Figure 3. Induction of fission-mediated mitochondrial loss in the axons of the glial lamina in aged E50K−tg mice.

Figure 3

(a,b) Representative images and quantitative immunoreactive intensity analyses from the glial lamina show a significant increase of NF68 immunoreactivity (green) in the axons of 16-month-old aged E50K−tg mice compared with age-matched WT mice. There were no differences in astroglial activation and GFAP immunoreactivity (red) between WT and E50K−tg mice. Blue color indicates nucleus. Scale bar, 20 μm (c) Representative images from TEM analyses show mitochondrial fission and mitochondrial loss in the axons of the glial lamina in 16-month-old aged E50K−tg mice compared with age-matched WT mice. Arrowheads indicate mitochondria. Scale bar, 500 nm. (d) Quantitative TEM analyses of mitochondria show a significant increase of mitochondrial number (n = 20), but decreases of mitochondrial lengths (n = 78 for WT; 92 for E50K−tg mice) and volume density (n = 20) in the axons of the glia lamina of E50K−tg mice. (e) Representative images from TEM analyses show changes in cristae abundance in the mitochondria of the axons in the glial lamina in WT and E50K−tg mice.
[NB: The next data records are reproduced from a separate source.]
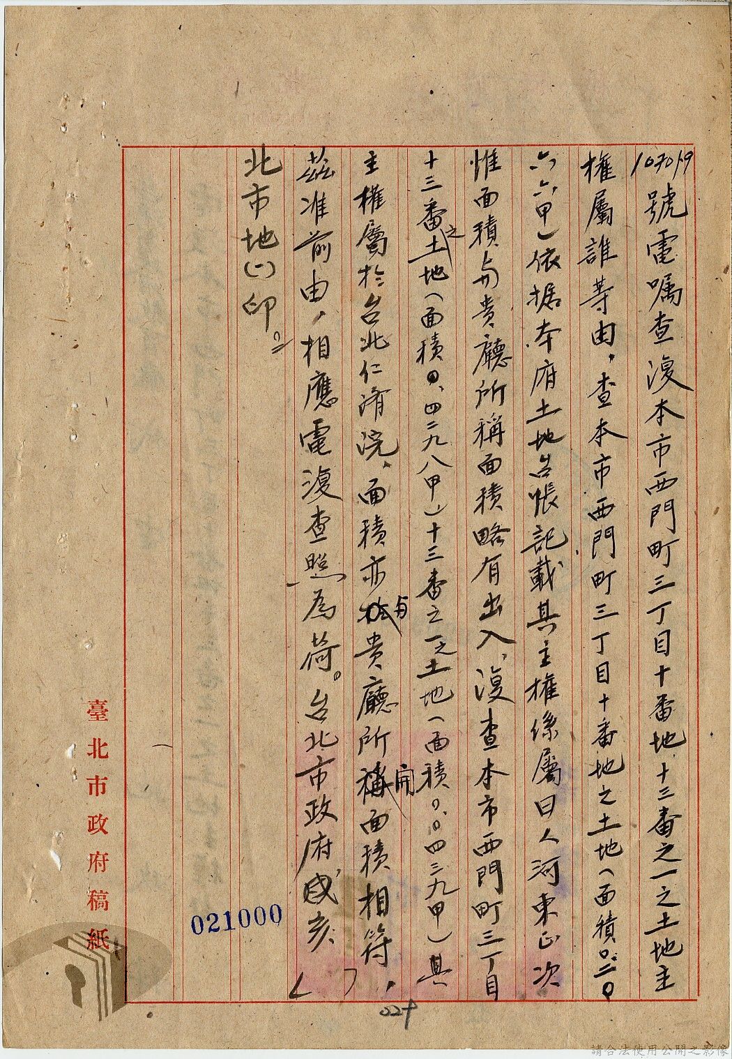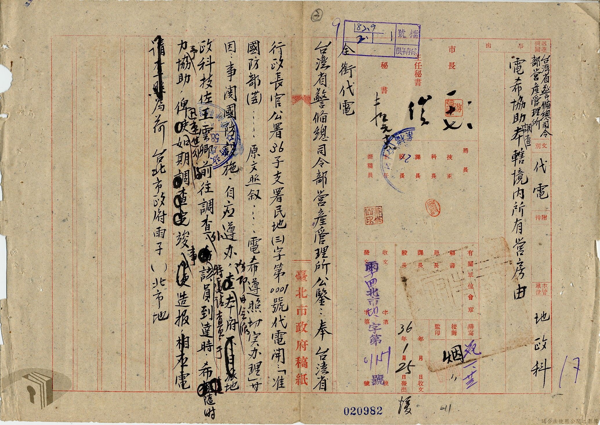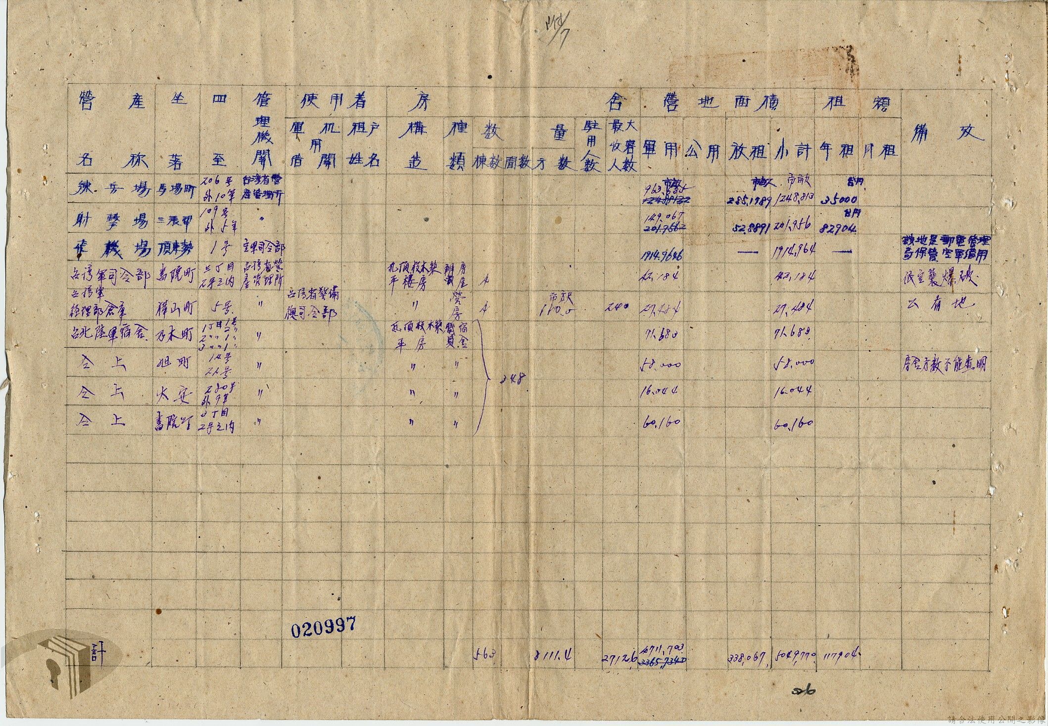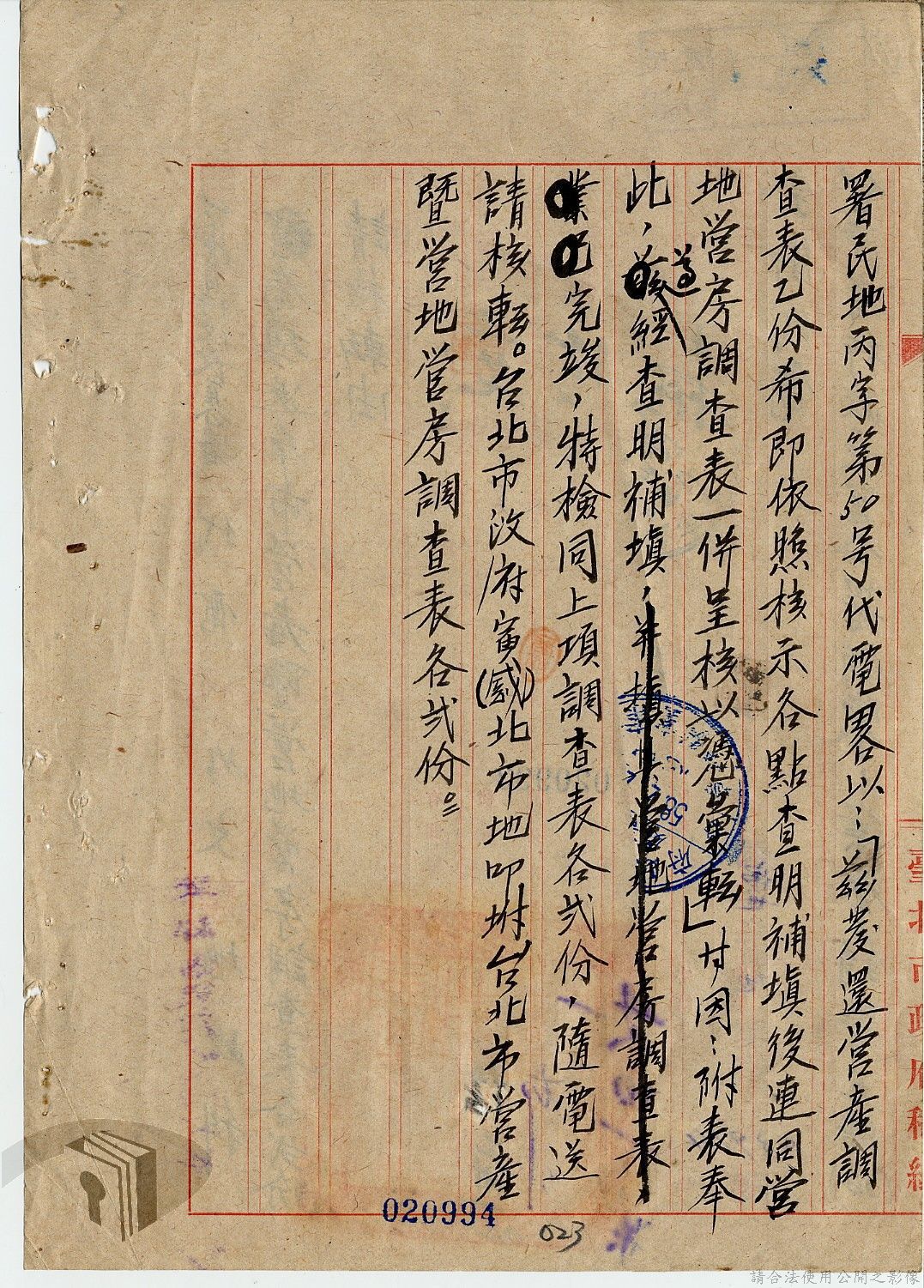本案為36年間,臺北市政府受理調查轄區之房地產、營地營房之產權資料,包括國防部要求調查全省營產(軍用設施、學校廠庫、機場碼頭及附屬建物等)資料,並檢附填表格式及填表須知,後市府陳送營產營地營房調查表給國防部等;臺北市政府受理臺灣省政府、臺灣航業公司要求調查部分土地產權歸屬等業務。
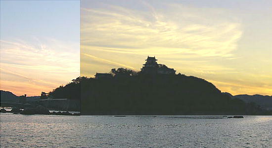 夕日に映える唐津城
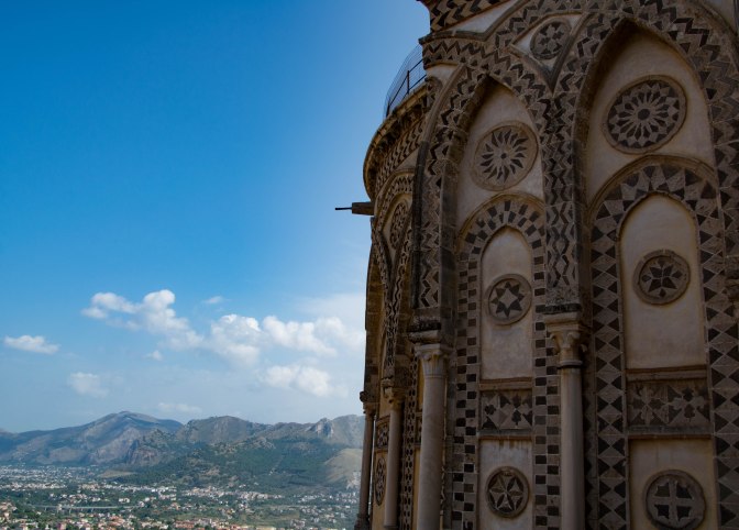 It was as awe inspiring as Cappella Palatina, very similar inside. But there were differences – the cloisters were beautiful but overall I loved the high level outdoor terrace which allowed a wander around the cathedral’s exterior; followed by tiny steps which led (one person at a time) to the even tinier belltower. The black and white striped granite and the mosaics of the exterior walls could also be admired close from here as could the sweeping views over Palermo and the mountains. What a place!

Quantitative TEM analysis shows a significant increase of mitochondrial cristae density (n = 10 for WT; 10 for E50K−tg mice) in the axons of the glial lamina in E50K−tg mice. Dot graph shows the actual cristae density of each mitochondrion. Data are shown as the mean ± S.E.M. *P < 0.05; **P < 0.01; ***P < 0.001 compared with the WT group. E50K−tg, E50K mutation-carrying transgenic; GFAP, glial fibrillary acidic protein; NF68, neurofilament 68; WT, wild-type. Scale bar, (WT) 500 nm (c), (E50K−tg) 250 nm (c) and (WT and E50K−tg) 100 nm (e).